Leykin, Nikolai Alexandrovich—Russian writer and journalist. Born into a merchant family. Studied at the Petersburg German Reformed School. Began publishing in 1860. Worked with the journals “Biblioteka dlya chteniya” (Library for Reading), “Sovremennik” (The Contemporary), “Otechestvennye zapiski” (Notes of the Fatherland), and “Iskra” (The Spark). A major influence on L.’s writing was the brothers V. S. and N. S. Kurochkin. From the early 1870s, L. was a staff member of the “Petersburg Gazette.” From 1882 to 1905 he was editor-publisher of the humorous magazine “Oskolki” (Fragments), for which he recruited many former employees of “Iskra”—V. V. Belibin (I. Grek), L. I. Palmin, L. N. Trefolyev, and others.

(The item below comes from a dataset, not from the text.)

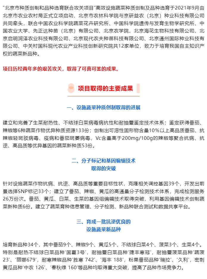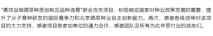 北京市農(nóng)林科學(xué)院與京研種業(yè),將再接再厲以創(chuàng)制和培育更多優(yōu)質(zhì)、多抗、豐產(chǎn)的蔬菜品種

The main theme of L.’s numerous novels, novellas, plays, and several thousand stories and sketches is the manners of St. Petersburg’s merchant class. However, the humor with which L. depicted the drabness of merchant-bourgeois everyday life was only superficial in character. L.’s main genre was sketches. Even his novels (“Stuking and Khrustalnikov,” 1886; “Satir and Nymph,” 1888, etc.) are a series of scenes connected by the unity of characters and plot.
L. attracted A. P. Chekhov to “Oskolki,” who under the pseudonym “Antosha Chekhonte” published more than two hundred stories there over 5 years (1882–1887). “Oskolki” was, in Chekhov’s words, a literary “crucible,” and L. was his “godfather-batyushka” (see Chekhov’s letter to L. dated December 27, 1887), whose advice prompted him to begin writing “short little sketch stories.”